Yves Deroff

Personal information
- Date of birth: 29 August 1978 (age 47)
- Place of birth: Maisons-Laffitte, France
- Height: 1.75 m (5 ft 9 in)
- Position: Right-back

Youth career
- –1997: Nantes

Senior career*
- Years: Team / Apps / (Gls)
- 1998–2002: Nantes / 45 / (0)
- 2002–2007: Strasbourg / 147 / (2)
- 2007–2010: Guingamp / 94 / (0)
- 2010–2012: Angers / 35 / (0)
- Total:  / 321 / (2)

International career
- 1997: France U18

= Yves Deroff =

French footballer (born 1978)

Yves Deroff (born 29 August 1978) is a French former professional footballer who played as a right-back.

==Career==
Born in Maisons-Laffitte, Yvelines, Deroff spent two years at the INF Clairefontaine academy, between 1992 and 1994.
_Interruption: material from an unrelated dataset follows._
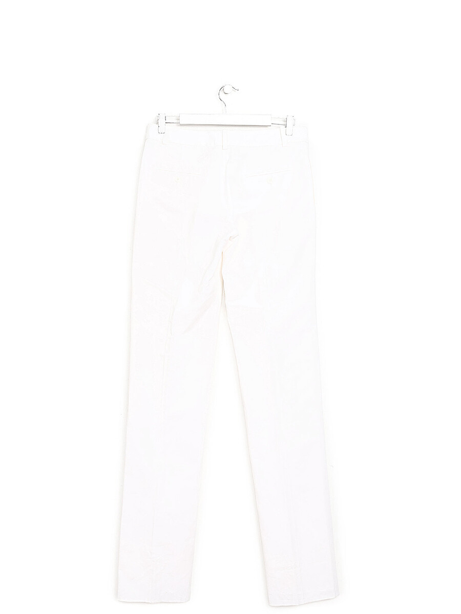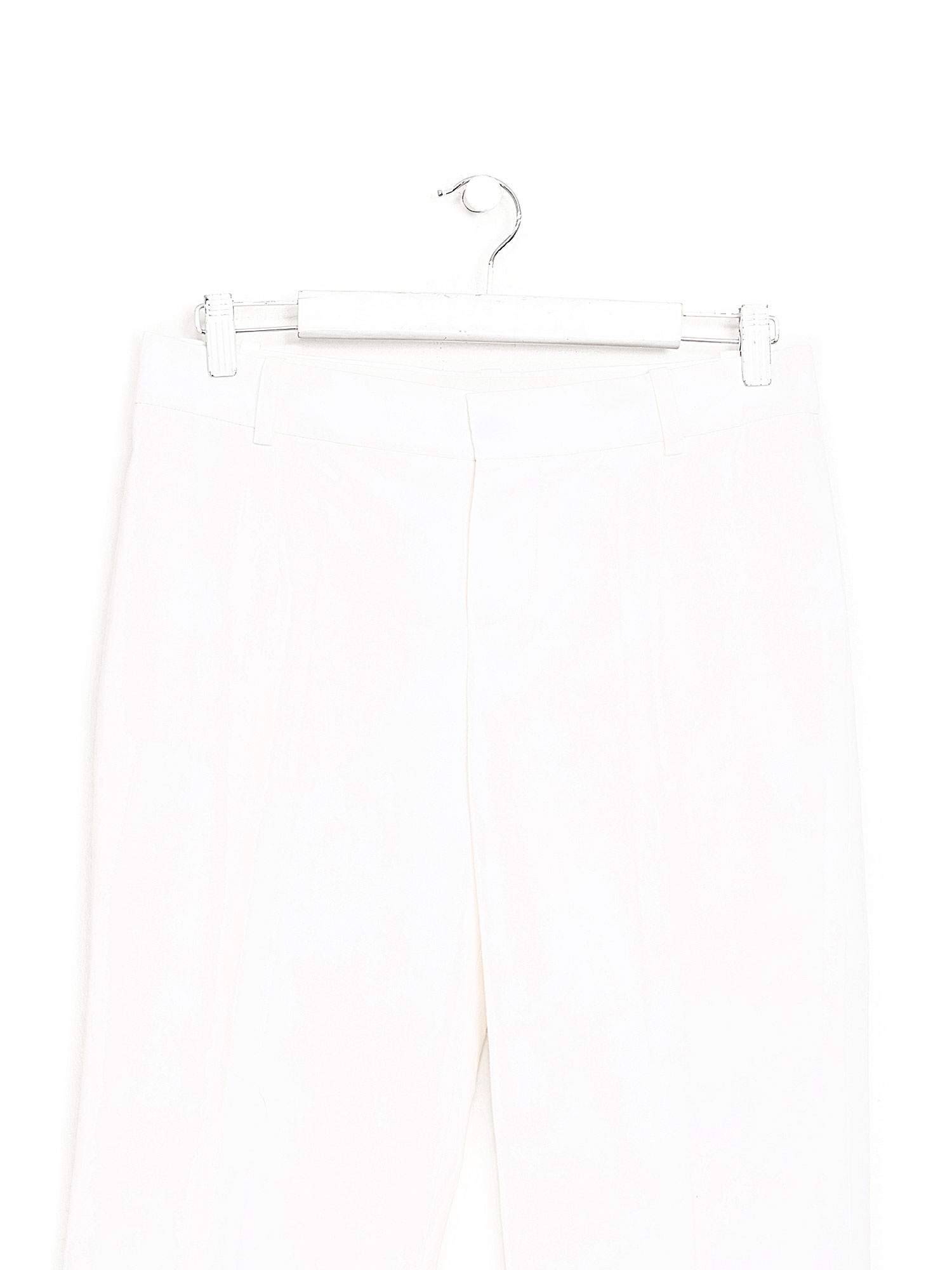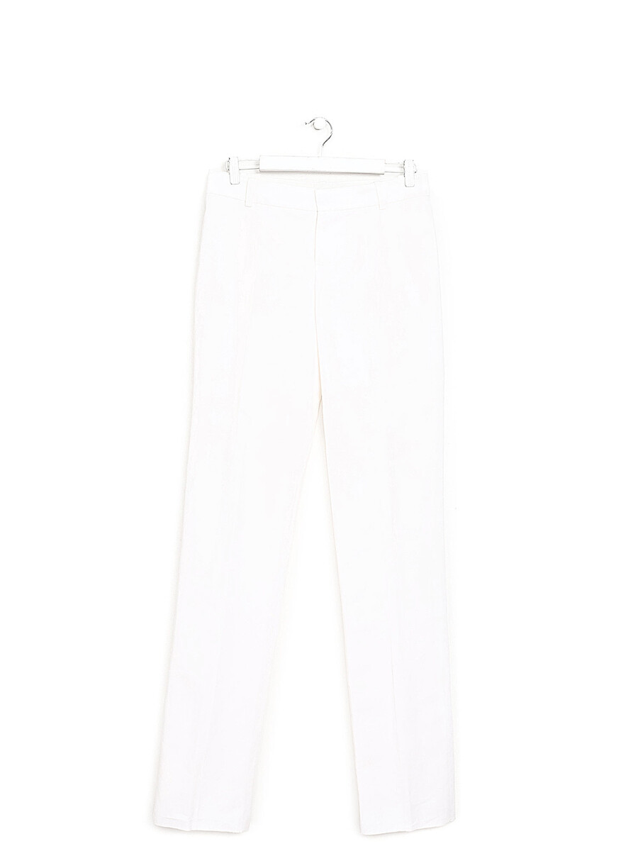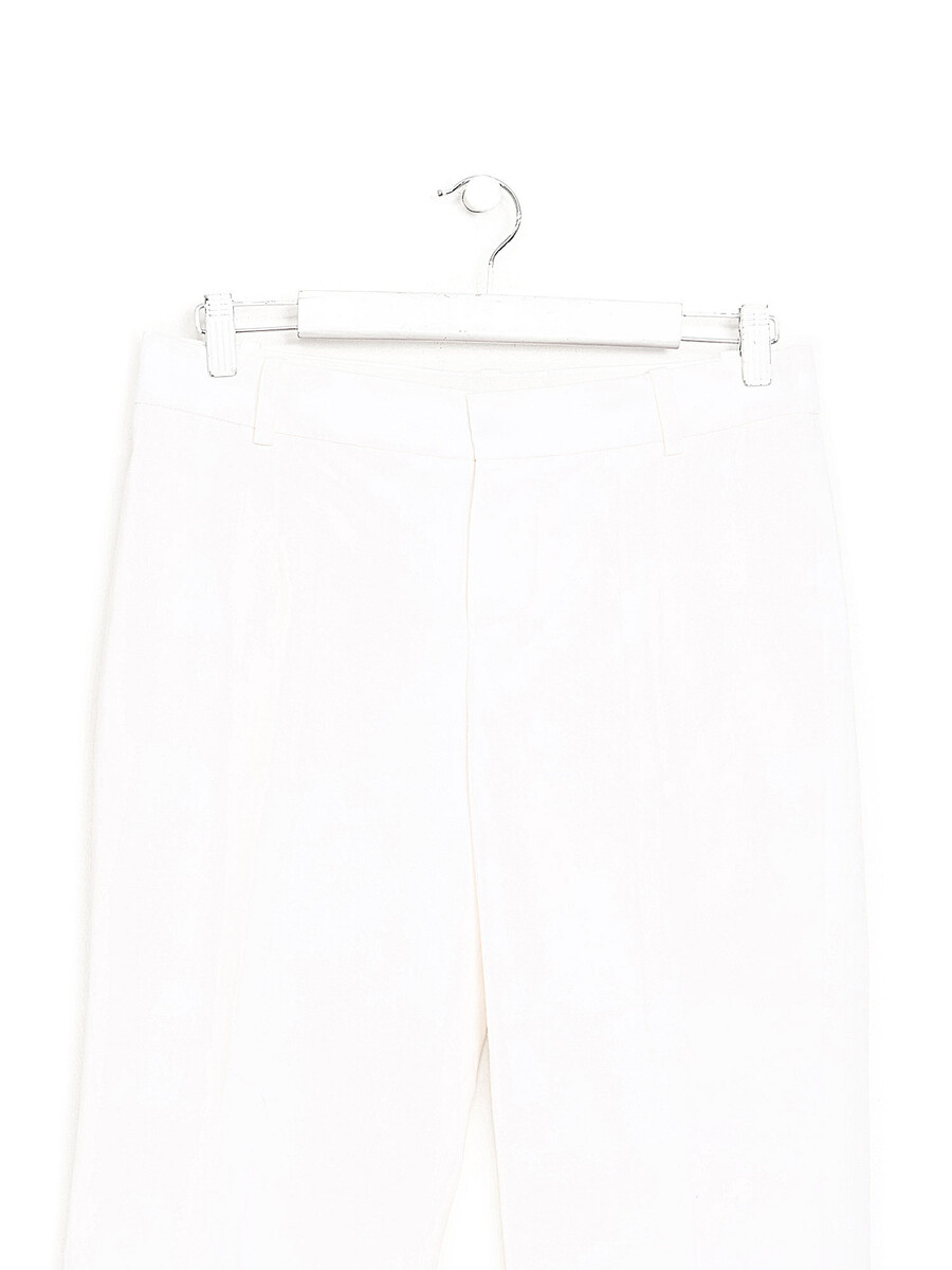 Pantalon à jambe droite en lin blanc cassé. Poches latérales. Plis à la jambe.

He played club football for Nantes, Strasbourg, Guingamp and Angers. He won Ligue 1 once (2001) and the Coupe de France twice with Nantes (1999 and 2000). He also won the Coupe de la Ligue with Strasbourg in 2005. Deroff suffered a double-broken leg as a result of a violent tackle by Patrick Blondeau in a league match against Marseille on 29 May 1999, preventing Deroff from playing for six months.

Whilst at Guingamp, then in Ligue 2, Deroff played in the 2009 Coupe de France Final in which they beat Rennes.

Deroff won the 1997 UEFA European Under-18 Championship with France.